The Playwright suite lives under solitaire_server/e2e/ and boots solitaire_server via Playwright webServer config.

  • Install + run:
    • cd solitaire_server/e2e
    • npm ci
    • npx playwright install chromium
    • npm test
  • Cycle metrics batch run:
    • cd solitaire_server/e2e
    • npm run review:cycles -- --games 1000 --steps 350 --policy baseline --max-visits 1 --out /tmp/cycle-baseline.json
    • npm run review:cycles -- --games 1000 --steps 350 --policy loop_aware --max-visits 2 --out /tmp/cycle-loop-aware.json
    • npm run review:cycles:regression (thresholded gate, writes test-results/cycle-regression.json)
    • npm run review:cycles:candidate (loop-aware candidate run, writes test-results/cycle-candidate.json)
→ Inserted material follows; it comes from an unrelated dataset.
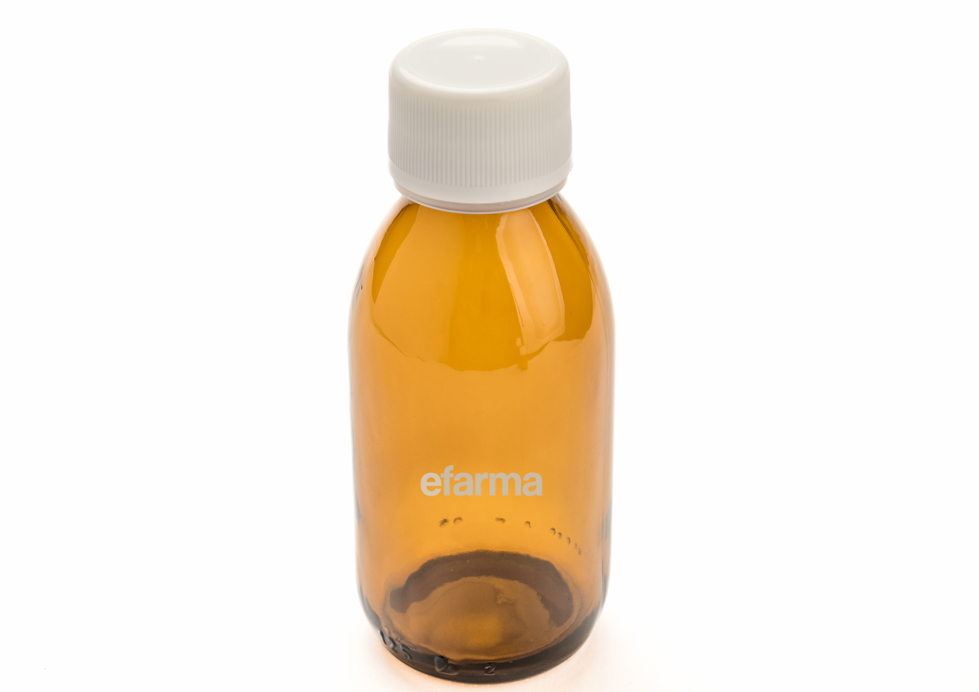 Frasco de vidrio de molde tipo III con resistencia hidrolítica, apto para uso farmacéutico. Capacidad de 125ml. Boca rosca de 28mm de diámetro.

Cycle-risk regression baseline and guardrails

  • Current regression gate command:
    • npm run review:cycles:regression
    • config: games=240, steps=350, policy=baseline, max-visits=1
  • Current guardrail thresholds:
    • all.cycle_rate_pct <= 86
    • draw1.cycle_rate_pct <= 76
    • draw3.cycle_rate_pct <= 95
    • all.win_rate_pct >= 14
    • zero invariant/apply/page/console issue counts
  • Baseline sample (240 games):
    • overall: win_rate=15.8%, cycle_rate=84.2%
    • draw-one: win_rate=25.8%, cycle_rate=74.2%
    • draw-three: win_rate=5.8%, cycle_rate=94.2%
  • Candidate loop-aware sample (240 games, lookahead via simulated move + restore):
    • overall: win_rate=20.4%, cycle_rate=32.5%
    • draw-one: win_rate=33.3%, cycle_rate=16.7%
    • draw-three: win_rate=7.5%, cycle_rate=48.3%
    • no invariant/apply/page/console issues in the sampled run
  • Additional 500-game candidate soak:
    • overall: win_rate=20.2%, cycle_rate=28.6%, step_budget=51.2%
    • draw-three remains the dominant risk (cycle_rate=45.2%)
  • Fix applied: cycle metrics regression now supports explicit max_step_budget_rate_* thresholds. Candidate command now enforces max_step_budget_rate_all <= 60 to prevent silent drift from cycles into step-budget stalls.